Introduction: Prior research suggests genitourinary malignancies occur at a higher incidence in solid organ transplant (SOT) population compared to the general population but the incidence of prostate cancer is not increased. Most studies examining prostate cancer in the transplant population consist of small cohorts and are limited to renal transplant recipients. We aim to expand our knowledge of the characteristics and outcomes of de novo prostate cancer diagnosed in a large single-center SOT cohort.
Methods: The University of Minnesota SOT database was queried for recipients who subsequently developed prostate cancer from 1984-2019. Available records were reviewed for clinical characteristics and outcomes.

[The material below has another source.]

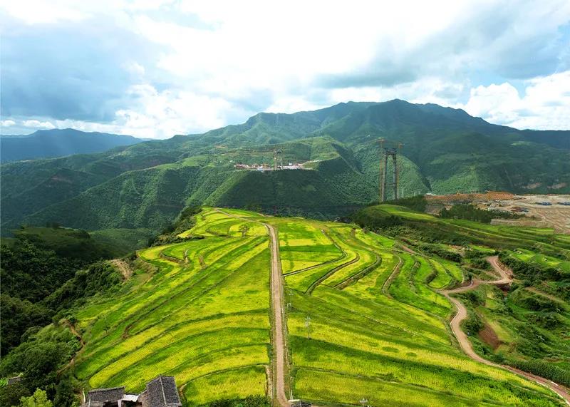 片片农田被成熟的水稻染成一湾又一湾的金黄
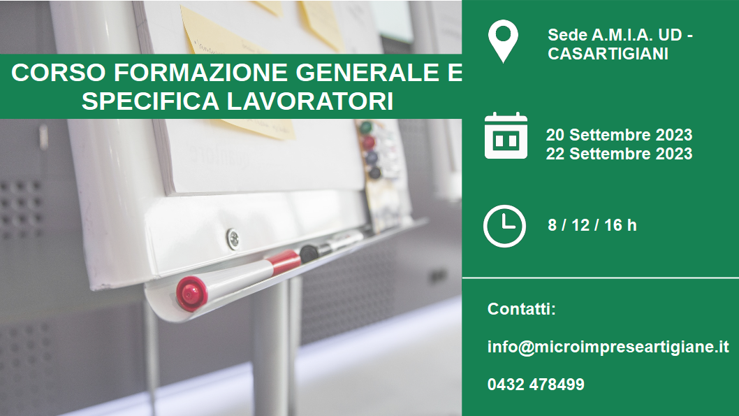 Il corso si terrà i giorni mercoledì 20 settembre e venerdì 22 settembre presso la sede di A.M.I.A. UD. – CASARTIGIANI in Via Tavagnacco 83/4 a Udine.

Descriptive statistics, frequencies, and Kaplan Meier survival estimates were calculated.
Results: Approximately 10,888 SOTs were performed during this timeframe. Of these, 139 had diagnosis code of prostate malignancy, of which 71 had confirmed diagnosis and available records. These men were predominantly Caucasian (94.4%) with a mean age at first transplant of 54.4 (±10.3) years and mean age at cancer diagnosis of 64.5 (±7.2) years. The most common transplant types were kidney (43.7%), heart (28.2%), and liver (14.1%). Median PSA at diagnosis was 7.2 ng/mL (range 1.1-91.3). Grade group 1 disease (32.4%) was most common at initial diagnosis, followed by groups 2 (23.9%) and 5 (14.1%). The distribution of initial treatments were: prostatectomy (38%), hormonal therapy (22.5%), surveillance (14.1%), radiation (8.5%), brachytherapy (4.2%), and cryotherapy (4.2%). At last known follow up, 25 patients had died (35.2%) with mean age of death of 72.4 (±7.1) years, mean time from transplant to death of 12.5 (±6.5) years, and mean overall survival after initial cancer diagnosis of 11.0 (±23.1) years. Two (2.8%) patients died from prostate cancer. Overall survival estimates at 5 and 10 years from initial cancer diagnosis were 82.4% and 56.5%, respectively. Prostate cancer specific survival was 96.2% at 5 and 10 years.
Conclusions: This investigation of de novo prostate cancer in the largest single-center SOT cohort to date revealed clinical characteristics and survival in SOT recipients were similar to the non-transplant population for men diagnosed with localized disease.